Charles Norman Shay, a Penobscot Native American and decorated U.S. Army medic who, as a 19-year-old on D-Day, repeatedly plunged into the surf at Omaha Beach to carry wounded soldiers to safety, died Wednesday at 101. He passed away peacefully at his home in Bretteville-L’Orgueilleuse, Normandy, his longtime friend and carer Marie-Pascale Legrand said.
A native of Indian Island, Maine, Shay received the Silver Star for his actions on June 6, 1944, and France’s highest honor, the Legion of Honor, in 2007. He had lived in France since 2018 to remain close to the Normandy shores where nearly 160,000 Allied troops landed and where he felt he could honor the men who died there. “I will die here,” he told CBS News in 2019, saying he believed he could “talk with the souls of the men that are still wandering on the beach here.”

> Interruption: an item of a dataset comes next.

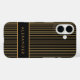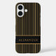 This cellphone casing features a sleek and elegant design with vertical gold stripes on a black background, giving it a refined and luxurious appearance. A horizontal black band across the centre showcases the owners name in bold, gold uppercase letters, adding a personalized and premium touch. The overall aesthetic is modern, sophisticated, and stylish, ideal for someone who values both fashion and function.

On D-Day, amid mortars and artillery, Shay watched men in his landing craft cut down when the ramp fell and saw many wounded unable to escape the tide. He later described being ready to give his life but focused on his duty as a medic: “I had been given a job, and the way I looked at it, it was up to me to complete my job.” After a night spent exhausted in a grove above the beach, surrounded by the dead, he continued rescuing wounded for weeks before moving with American forces into eastern France and Germany. He was captured in March 1945 and liberated a few weeks later.
After World War II, Shay reenlisted partly because conditions for Native Americans in Maine—where reservation residents were not allowed to vote until 1954—remained dire. He served again as a medic in the Korean War, took part in U.S. nuclear testing in the Marshall Islands, and later worked at the International Atomic Energy Agency in Vienna.
For more than six decades Shay rarely spoke of his wartime experiences. He began attending D-Day commemorations in 2007 and in later years became a regular witness and advocate for remembrance and peace. He performed a traditional sage-burning on a bluff above Omaha Beach in memory of the fallen; a monument bearing his name stands nearby. On June 6, 2022, he entrusted the remembrance ceremony to Julia Kelly, a Crow veteran, and voiced sorrow at the return of war to Europe, saying the conflict in Ukraine was “a very sad situation.”
The Charles Shay Memorial group, which honors roughly 500 Native Americans who landed on Normandy’s beaches, posted that Shay “has returned home to the Creator and the Spirit World,” remembering him as “an incredibly loving father, grandfather, father-in-law, and uncle, a hero to many” whose legacy is “love, service, courage, spirit, duty and family.” Legrand said Shay died surrounded by loved ones.